A response to Paula Stern

Paula Stern’s recent blog has been drawn to my attention and I feel I must respond. She made hay with a maliciously-inspired entry in my Wikipedia profile, without knowing anything about the circumstances, in an effort to paint me into the “black corner”. Our problems with the particular nightclub were of long-standing and post-dated (not pre-dated) us moving into the area. I was infuriated by the nightclub manager’s response to my complaint one night (actually at 1.30am) about the thumping noise — “It’s a nightclub, what do you expect?” — and hit her in a moment of madness. The truth is that I owned up to what had happened in a licensing court on the basis that I was bound to tell “the truth, the whole truth and nothing but the truth”. It was a relatively minor incident, for which I apologised immediately, but I felt that I couldn’t just gloss over it in my evidence to the court. That’s how it became part of the “public record”.

I might note that Ariel Sharon was responsible for KILLING innocent women and children in a “reprisal raid” on Qiyba in 1953. On a scale of 1-10, isn’t that immeasurably worse than what I admitted to doing? He was also found to be partly responsible, as Israel’s minister for defence, for the massacre of Palestinian refugees in Sabra and Shatila in 1982 — by the Israeli Kahan Commission.

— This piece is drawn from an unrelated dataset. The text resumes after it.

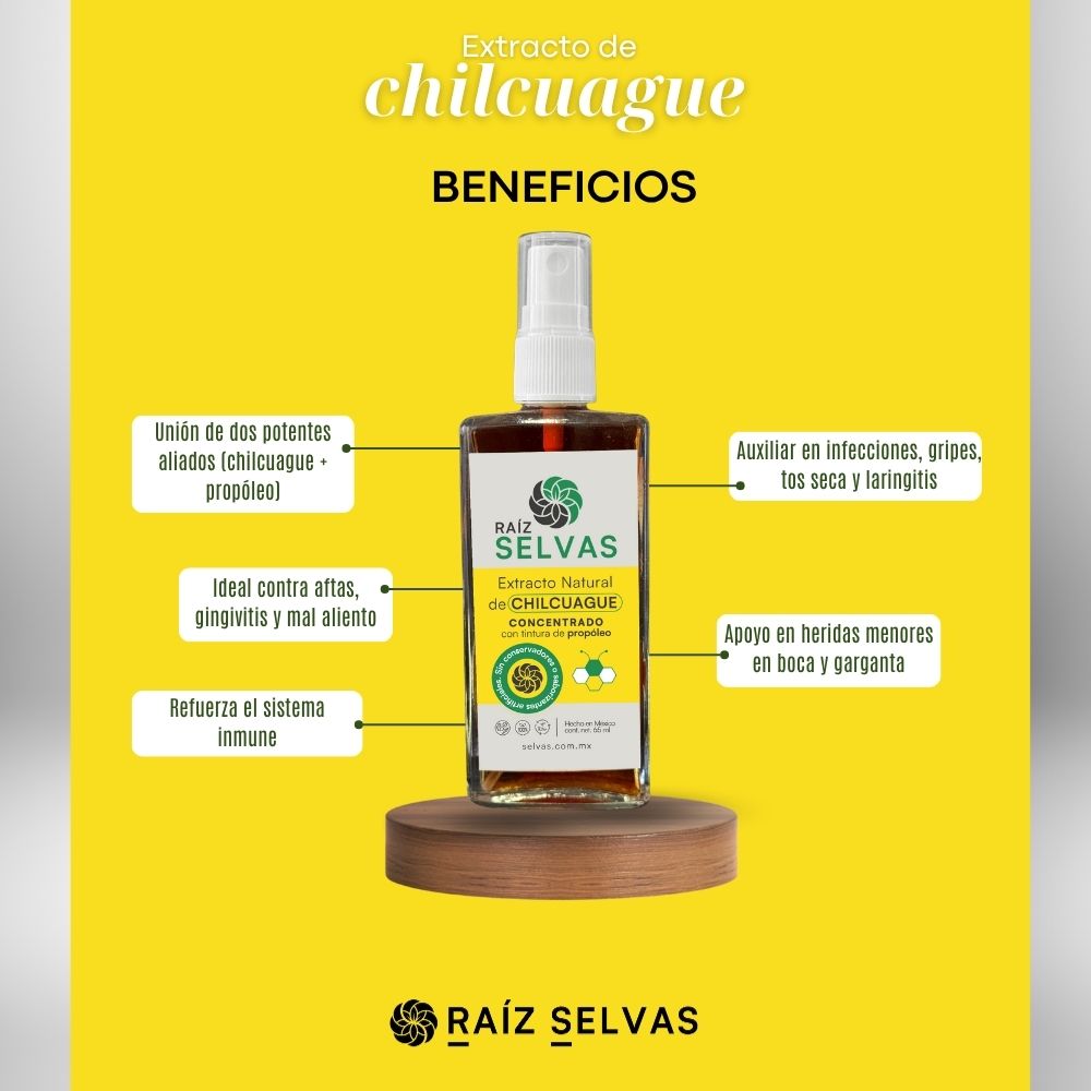 Extracto de raíz de chilcuague Heliopsis longipes, tintura de propóleo, alcohol de caña de azúcar Saccharum officinarum.

He will also be remembered as the man who appeared on the Temple Mount/Haram al-Sharif in 2000, accompanied by armed Israeli security men — a highly provocative incident that sparked the second Palestinian intifada. That resulted in Likud being swept into power, giving Sharon a whole new lease of political life as prime minister. Years earlier, he had acquired a house straddling a narrow street in the Moslem Quarter of the Old City, guarded night and day by Israeli soldiers. On the “bridge” linking one part of the house with the other there was an Israeli flag on one side and a menorah on the other, both floodlit in the dark.  This was also a provocation on Sharon’s part.

I stand over my comparison of Gaza with the Warsaw Ghetto in terms of how they operated, though not in terms of outcomes, of course; we all know that the Jews crowded into the ghetto in Warsaw who didn’t die there later perished in the Nazi death camps. As I wrote in the >Irish Times< on June 10th, 2010, there is not much left of the 5 sq km Warsaw Ghetto now. It was pulverised in 1943 after the Nazis crushed a heroic uprising by resistance groups. Until then, it had been crammed with Warsaw’s Jewish citizens and, later, Jewish refugees from other parts of Poland – well over 350,000 at the height of it.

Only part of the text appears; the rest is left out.